→ **Excerpted records**:
★ ★ ★
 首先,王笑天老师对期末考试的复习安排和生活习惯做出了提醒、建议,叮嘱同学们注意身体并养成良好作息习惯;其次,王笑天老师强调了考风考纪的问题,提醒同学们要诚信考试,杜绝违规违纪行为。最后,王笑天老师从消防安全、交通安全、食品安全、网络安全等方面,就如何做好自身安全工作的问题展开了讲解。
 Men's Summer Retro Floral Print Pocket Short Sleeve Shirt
★ ★ ★
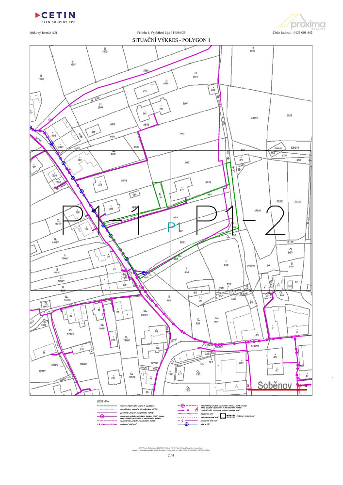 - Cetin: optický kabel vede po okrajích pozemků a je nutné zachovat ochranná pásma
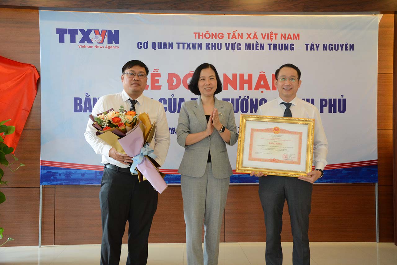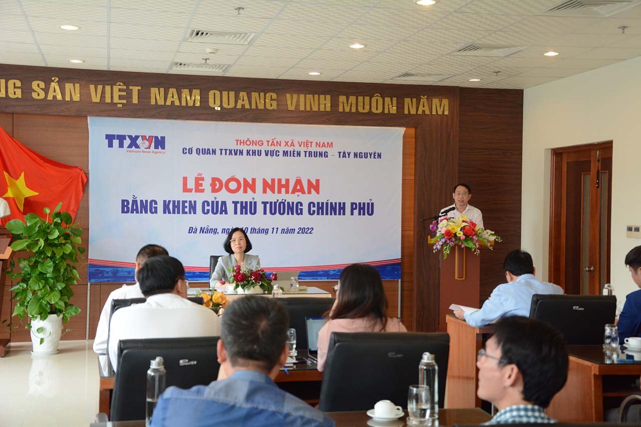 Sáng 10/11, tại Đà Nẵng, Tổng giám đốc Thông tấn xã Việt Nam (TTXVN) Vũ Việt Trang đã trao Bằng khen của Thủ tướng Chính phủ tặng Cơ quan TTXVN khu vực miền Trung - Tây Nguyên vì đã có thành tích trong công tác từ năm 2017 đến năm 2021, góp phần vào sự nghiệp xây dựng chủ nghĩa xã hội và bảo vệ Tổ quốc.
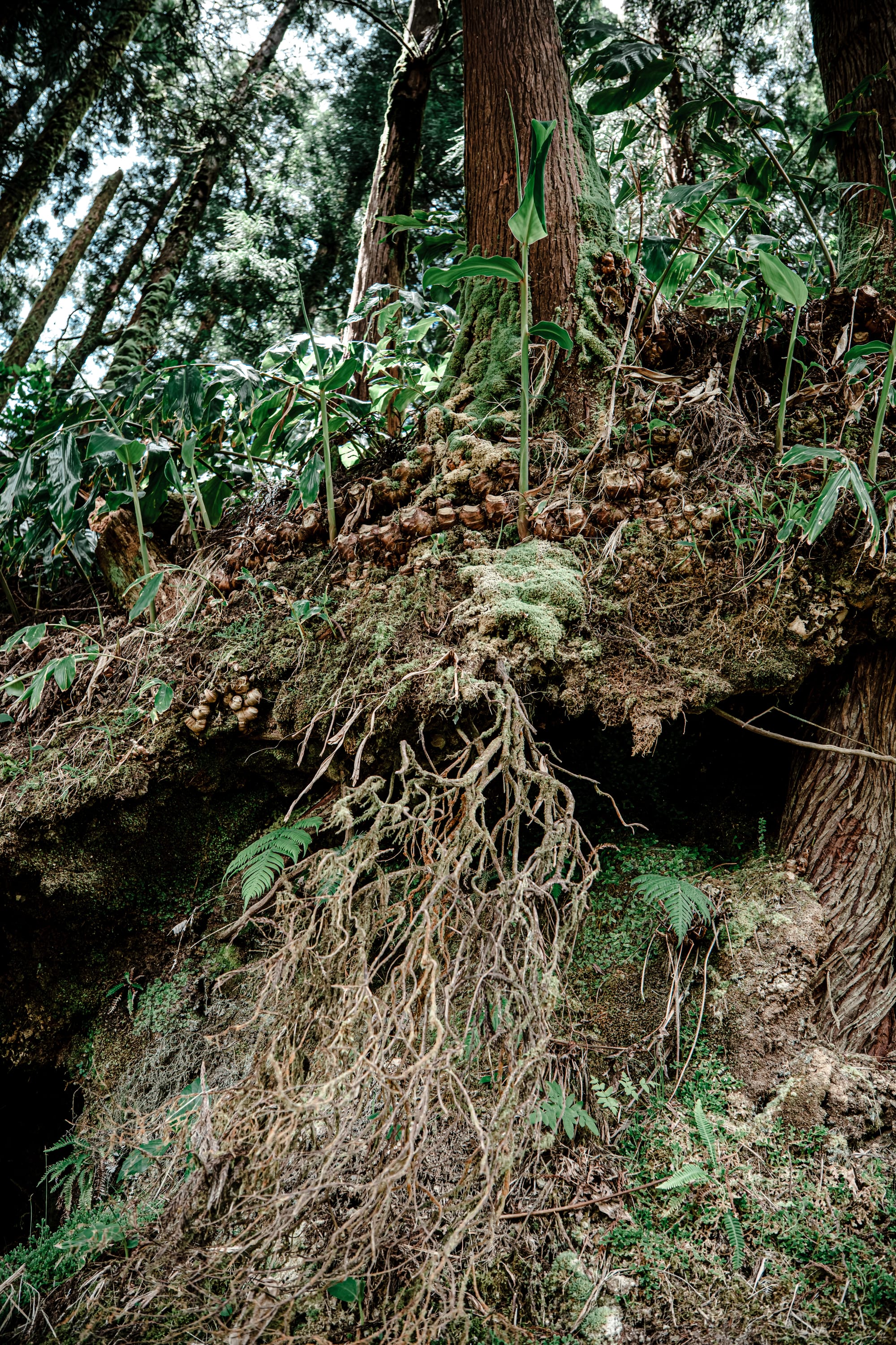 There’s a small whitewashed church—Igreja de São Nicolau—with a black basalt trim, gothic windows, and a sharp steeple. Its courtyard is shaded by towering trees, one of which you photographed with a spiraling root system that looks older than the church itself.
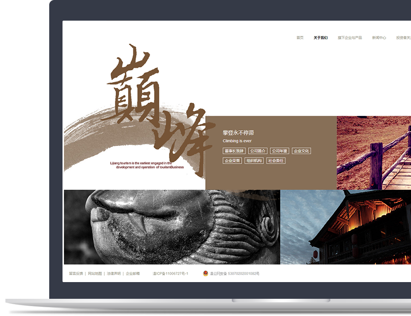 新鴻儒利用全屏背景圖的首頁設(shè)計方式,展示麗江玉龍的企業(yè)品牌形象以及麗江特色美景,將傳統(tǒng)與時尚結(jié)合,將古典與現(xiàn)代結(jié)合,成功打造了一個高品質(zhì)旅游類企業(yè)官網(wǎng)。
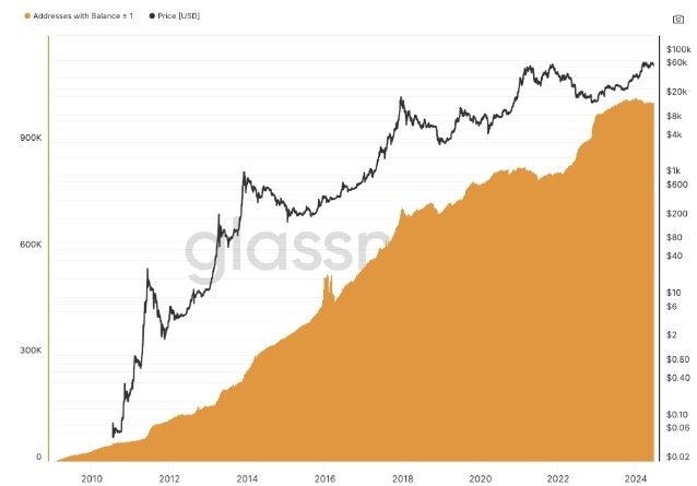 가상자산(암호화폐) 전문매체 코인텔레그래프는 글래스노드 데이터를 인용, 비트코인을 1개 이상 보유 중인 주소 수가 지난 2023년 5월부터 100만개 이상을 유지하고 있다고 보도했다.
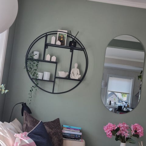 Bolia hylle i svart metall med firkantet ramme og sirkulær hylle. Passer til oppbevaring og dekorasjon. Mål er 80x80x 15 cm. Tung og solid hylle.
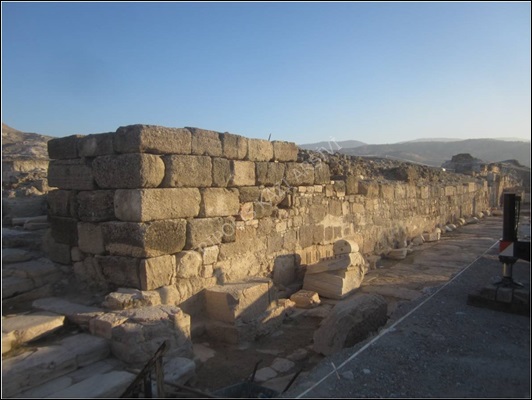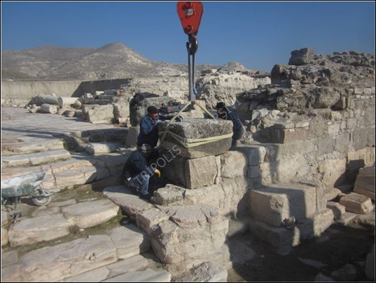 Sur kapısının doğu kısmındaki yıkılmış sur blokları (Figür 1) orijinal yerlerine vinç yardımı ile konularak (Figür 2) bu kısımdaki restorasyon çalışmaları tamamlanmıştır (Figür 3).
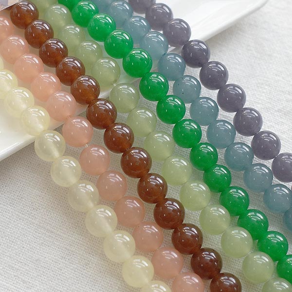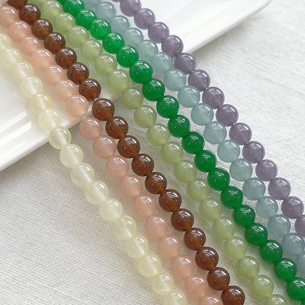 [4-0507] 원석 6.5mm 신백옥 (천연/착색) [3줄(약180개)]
★ ★ ★
→ **Task item**: Reproduce exactly the lines above that run from the one with "新鴻儒利用全屏背景圖的首頁設" to the one with "[4-0507] 원석 6.5mm 신백옥 (천연/착색) [3줄(약180개)]", both included, leaving pictures out.

→ **Answer section**:
 新鴻儒利用全屏背景圖的首頁設(shè)計方式,展示麗江玉龍的企業(yè)品牌形象以及麗江特色美景,將傳統(tǒng)與時尚結(jié)合,將古典與現(xiàn)代結(jié)合,成功打造了一個高品質(zhì)旅游類企業(yè)官網(wǎng)。
 가상자산(암호화폐) 전문매체 코인텔레그래프는 글래스노드 데이터를 인용, 비트코인을 1개 이상 보유 중인 주소 수가 지난 2023년 5월부터 100만개 이상을 유지하고 있다고 보도했다.
 Bolia hylle i svart metall med firkantet ramme og sirkulær hylle. Passer til oppbevaring og dekorasjon. Mål er 80x80x 15 cm. Tung og solid hylle.
 Sur kapısının doğu kısmındaki yıkılmış sur blokları (Figür 1) orijinal yerlerine vinç yardımı ile konularak (Figür 2) bu kısımdaki restorasyon çalışmaları tamamlanmıştır (Figür 3).
 [4-0507] 원석 6.5mm 신백옥 (천연/착색) [3줄(약180개)]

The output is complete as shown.